On Thu, Jun 21, 2012 at 7:00 AM, George Giorgidze
Regarding antisymmetry, if I also define
instance Ord Foo where (==) = (==) `on` a
then would that count as satisfying the law?
Probably, you mean here Eq instead of Ord.
If a <= b and b <= a then a = b (antisymmetry)
It all depends on what one means by "=". Opinions differ on this, see [1]. If we mean "==", which is a function to Bool, from the Eq class, then it does satisfy the antisymmetry law.
But in this case, the question arises what are the laws that Eq instances should satisfy.
Should it be that x == y implies x = y? But once again what does "=" mean here. It depends on who you ask (once again see [1]).
These nits don't need to be picked. The theory of equivalence relations is extremely well understood. This is a topic covered by the sophomore mathematics level.

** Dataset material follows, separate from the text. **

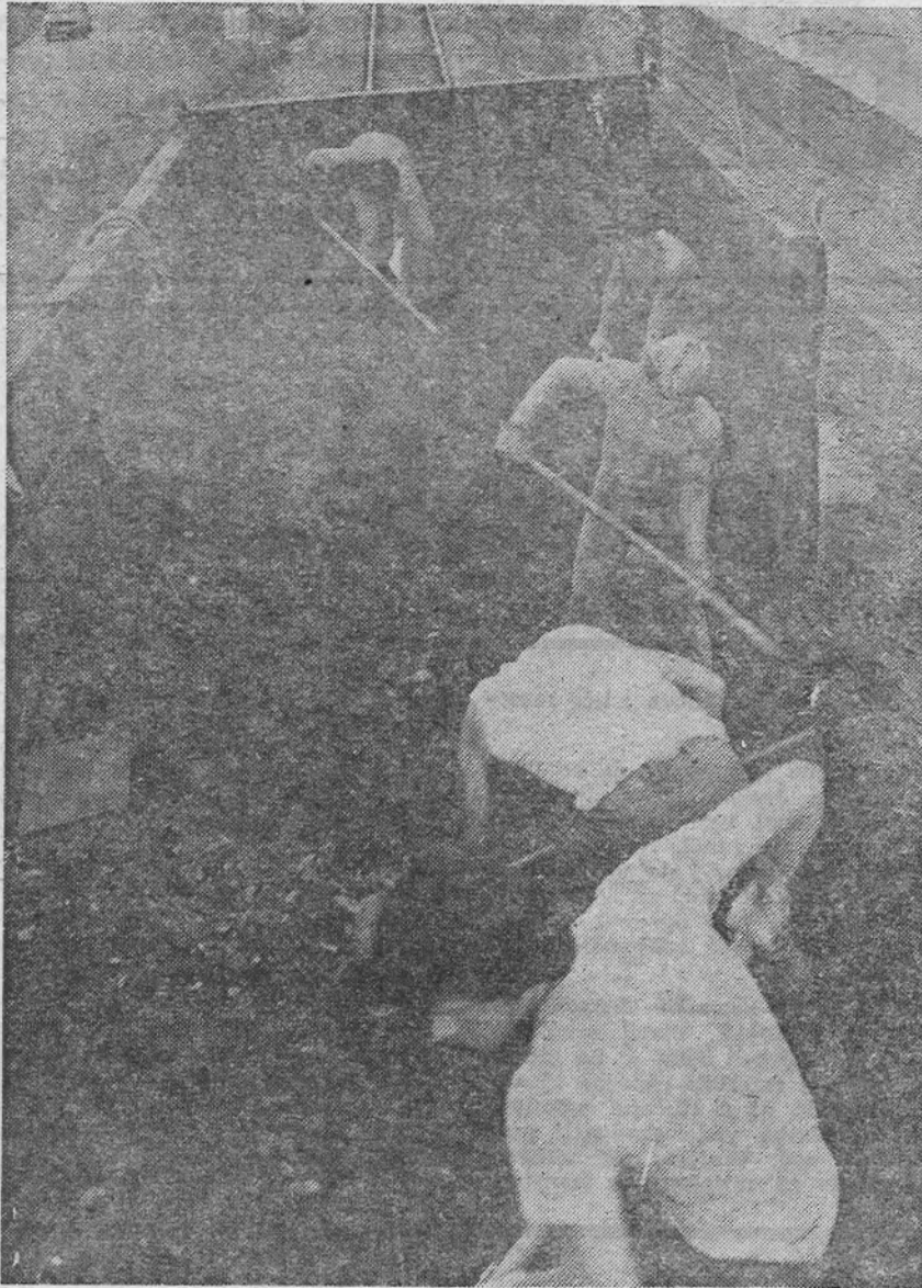
Вагони су зачас били ослобођени од туцанина
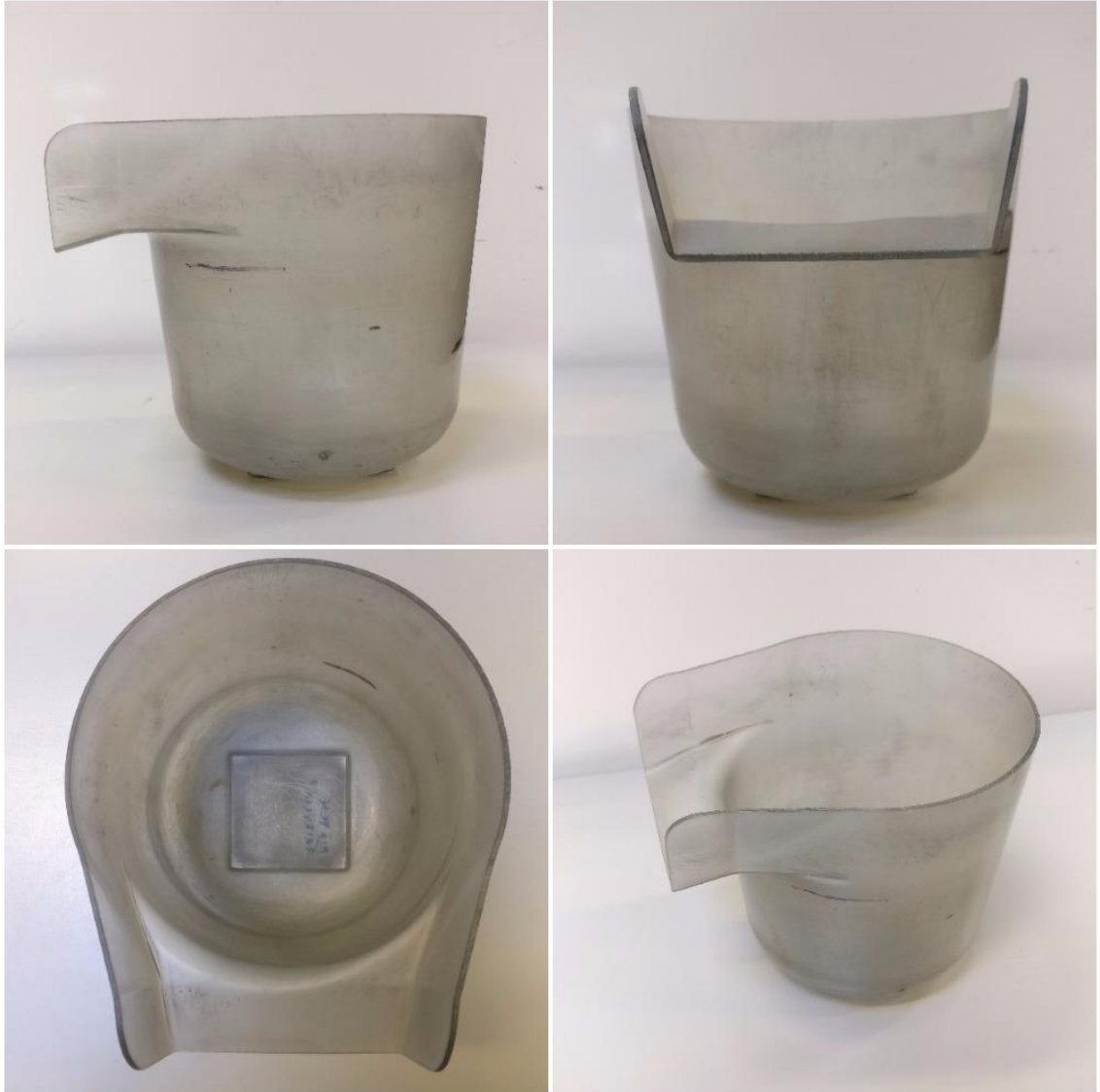
Kuva 1. Alkuperäinen astia.

But, my opinion is that if you can write a pure function f that can tell them apart (i.e., f x /= f y), I find it a very strange notion of equality.
There's your problem. It is straight-forward to generate an equivalence relation that can tell things apart with respect to a different equivalence relation. Equivalence relations do not need to agree! If you really want to keep distinct equivalence relations apart semantically, just use a newtype wrapper to explicitly "name" the relation.
I am not saying that this is a trivial undertaking, but would be a more principled approach. It would require the Haskell community and, especially, standard library and language specification developers to agree on a suitable notion of equality that Eq instances should satisfy.
That has already happened. A relation merely has to satisfy the equivalence relation axioms.